# Instructions to follow
Look below for the line with "Incisione Histoire Naturelle" and the line with "I took a traditional"; repeat exactly those two lines and all lines between them, but no pictures.

---------- Input material

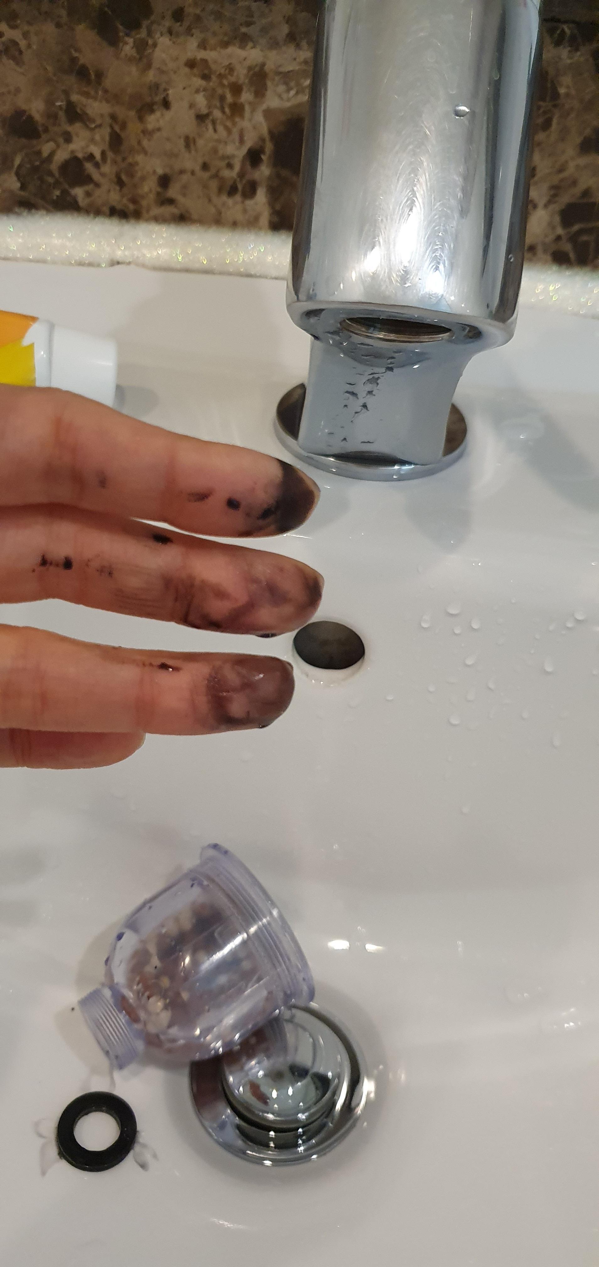 기존 사용하던 세면대 필터를 빼보니, 검은색 국물이 보인다..ㅜ.ㅜ;
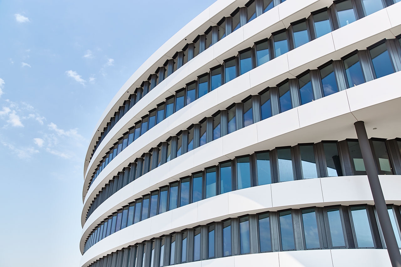 Dzięki sprytnemu szkleniu strukturalnemu estetyka przyciąga wzrok i odzwierciedla otoczenie budynku z każdej strony.
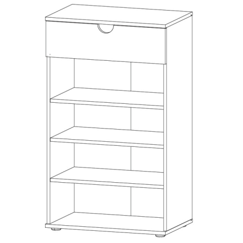 комод містить одну висувну шухляду і одне закрите відділення з полицями всередині |
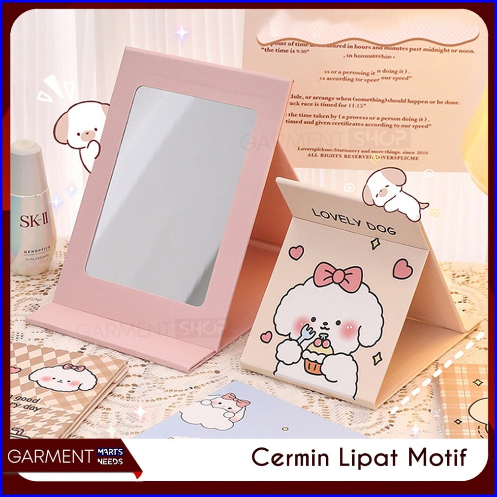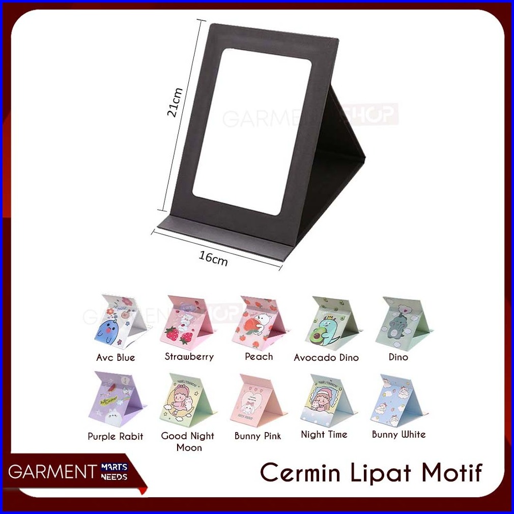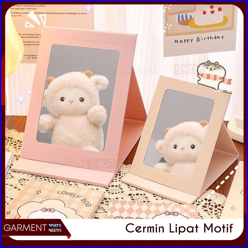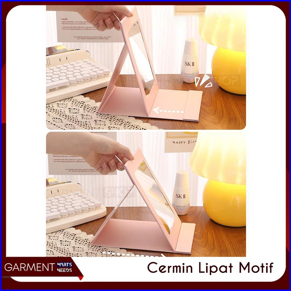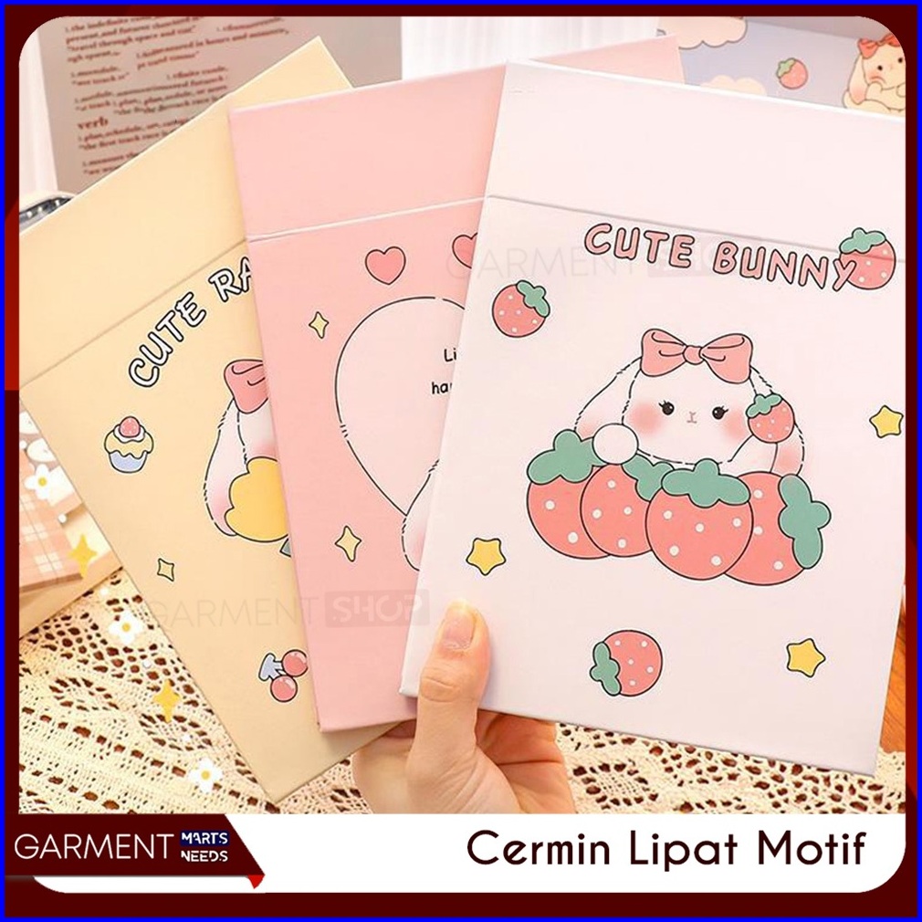 Cermin Lipat Motif Karakter Lucu Rias Portable Beauty Mirror Model Kotak Buku Kaca Tebal Premium
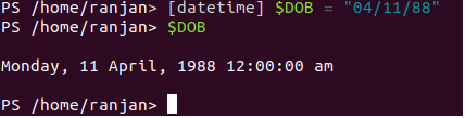 [datetime] $DOB = "04/11/88" //It will convert string of date to Date objects.
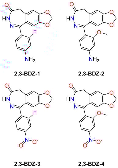 Currently, evidence indicates that several chemical groups can engage with the AMPA receptor at allosteric modulatory sites, resulting in alterations in the gating mechanism of the receptor, including processes such as activation, deactivation, and desensitization. Multiple allosteric modulators, such as 2,3-BDZ, have been extensively researched for their effects on the processes of desensitization and deactivation [9,23,24,25]. The area of 2,3-BDZ compounds has seen notable advancements, resulting in new compounds with distinct and exceptional characteristics. In addition, these substances have undergone assessment for their anxiolytic-like and antidepressant-like properties and their potential for causing memory impairment and toxicity in Swiss mice [26,27]. BDZs are a category of psychoactive substances that have been widely acknowledged for their impact on the central nervous system (CNS), namely in the regulation of GABA (γ-aminobutyric acid) and glutamate, two essential neurotransmitters responsible for maintaining brain activity equilibrium. However, GABA is the principal inhibitory neurotransmitter, and glutamate is the major excitatory complement [28]. BDZs have a facilitatory influence on the action of GABA, resulting in a net inhibitory impact on neuronal activity. Modifying physiological processes, such as drowsiness, muscular relaxation, anti-anxiety, and anticonvulsant actions, is paramount. The field of neuropharmacology emphasizes the study of 2,3-BDZs, which represent a distinct subclass within the broader category of benzodiazepines. These chemicals interact with GABA and glutamate receptors, including N-methyl-D-aspartate (NMDA) and AMPA receptors. The capacity to regulate both excitatory and inhibitory neurotransmission endows them with the capability to impact diverse neurological processes, therefore offering prospective therapeutic prospects for the treatment of numerous neurological illnesses. The distinctive capacity of 2,3-BDZs to modulate AMPA receptors sets them apart from other benzodiazepines. The selective engagement of these interactions can potentially mitigate excitotoxicity and seizure activity, presenting a potentially revolutionary treatment approach for a range of neurological illnesses that require the delicate equilibrium of excitatory and inhibitory neurotransmission.
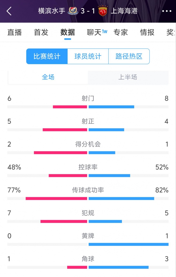 發(fā)布時(shí)間:2025年03月11日 19:50點(diǎn)擊:欄目:足球新聞 3月11日訊 半場(chǎng)結(jié)束,海港暫1-3落后&總比分1-4橫濱水手。半場(chǎng)數(shù)據(jù)方面,射門(mén)數(shù)海港8-6領(lǐng)先,射正4-5落后,控球率52%、傳球成功率82%均高于橫濱。 除特別注明外,本站所有內(nèi)容均為九球直播整理排版,轉(zhuǎn)載請(qǐng)注明出處:半場(chǎng)數(shù)據(jù):海港射門(mén)8-6領(lǐng)先&射正4-5 控球率傳球成功率均高于橫濱 本文標(biāo)簽: 足球 中超 中國(guó)足球 上海海港
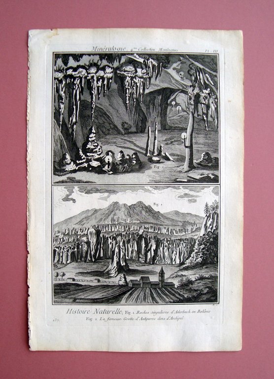 Incisione Histoire Naturelle Roches Aderbach Boeme Grotte Antiparos Diderot 1751
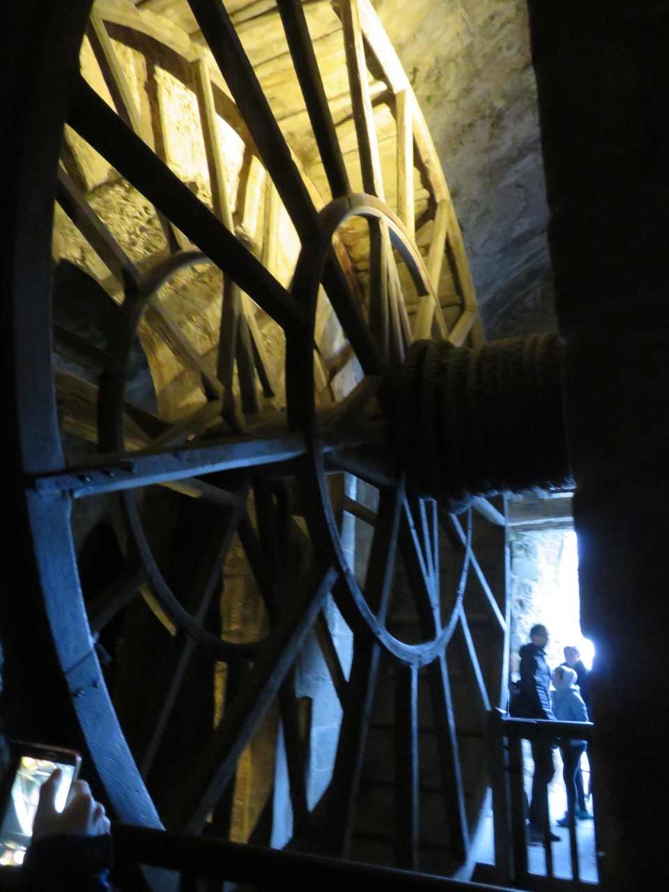 モンサンミッシェル建設に使われた石材などを持ち上げるためにつかわてた滑車(中に奴隷を入れて歩かせた、車輪のようなもの)が残されています。滑車の車輪だけでなく、その車輪につながる太いロープも見ることができます。どれほどの時間と労力が必要だったのか、読み取ることができます。
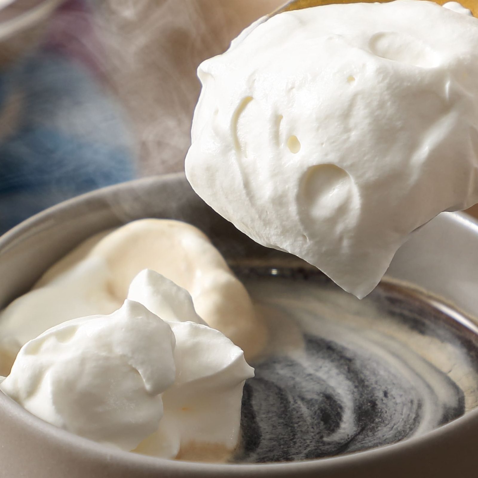 ③90℃の牛乳150mlを注ぎ混ぜて完成
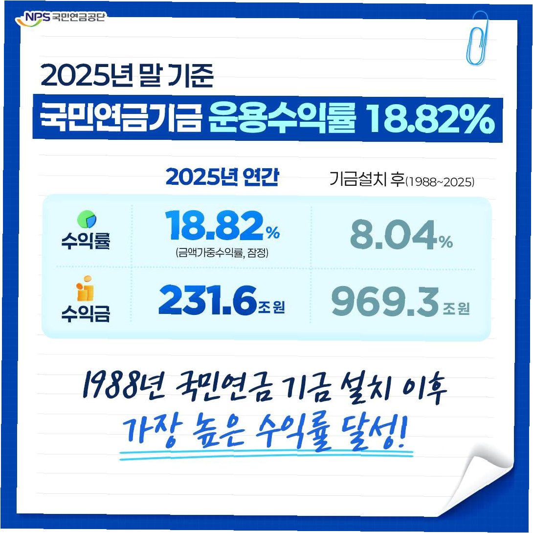 국민연금은 지난해 역대 최고인 18.82%의 수익률을 기록하며 231조 원을 벌어들였습니다. 기술주 중심의 투자와 철저한 리스크 관리, 인프라 개선이 주요 성공 요인으로 분석됩니다. 이는 국민의 노후를 더욱 든든하게 지켜줄 희망적인 소식입니다.
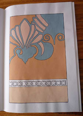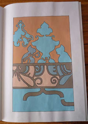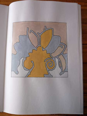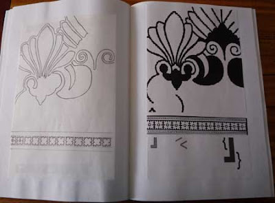 I took a traditional pattern, simplified a black a white image of it scaled it up on a graphics program (Adobe Illustrator) and played around with it to produce this shape which I then embroidered. I thought I would show you some of my ideas from my studio journal.
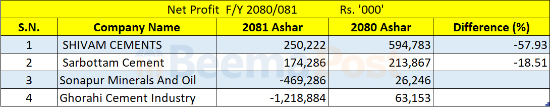 दुई सिमेन्ट कम्पनीको नाफा भने ऋणात्मक अवस्थामा रहेको छ । अघिल्लो आर्थिक वर्षमा २ करोड ६२ लाख रुपैयाँ नाफा कमाएको सोनापुर गत आर्थिक वर्षमाभने ४६ करोड ९२ लाख रुपैयाँ ऋणात्मक छ । यता, घोराही सिमेन्ट पनि १ अर्ब २१ करोड ८८ लाख रुपैयाँ ऋणत्मक अवस्थामा रहेको छ ।

--------------------

# Your response
 Incisione Histoire Naturelle Roches Aderbach Boeme Grotte Antiparos Diderot 1751
 モンサンミッシェル建設に使われた石材などを持ち上げるためにつかわてた滑車(中に奴隷を入れて歩かせた、車輪のようなもの)が残されています。滑車の車輪だけでなく、その車輪につながる太いロープも見ることができます。どれほどの時間と労力が必要だったのか、読み取ることができます。
 ③90℃の牛乳150mlを注ぎ混ぜて完成
 국민연금은 지난해 역대 최고인 18.82%의 수익률을 기록하며 231조 원을 벌어들였습니다. 기술주 중심의 투자와 철저한 리스크 관리, 인프라 개선이 주요 성공 요인으로 분석됩니다. 이는 국민의 노후를 더욱 든든하게 지켜줄 희망적인 소식입니다.
 I took a traditional pattern, simplified a black a white image of it scaled it up on a graphics program (Adobe Illustrator) and played around with it to produce this shape which I then embroidered. I thought I would show you some of my ideas from my studio journal.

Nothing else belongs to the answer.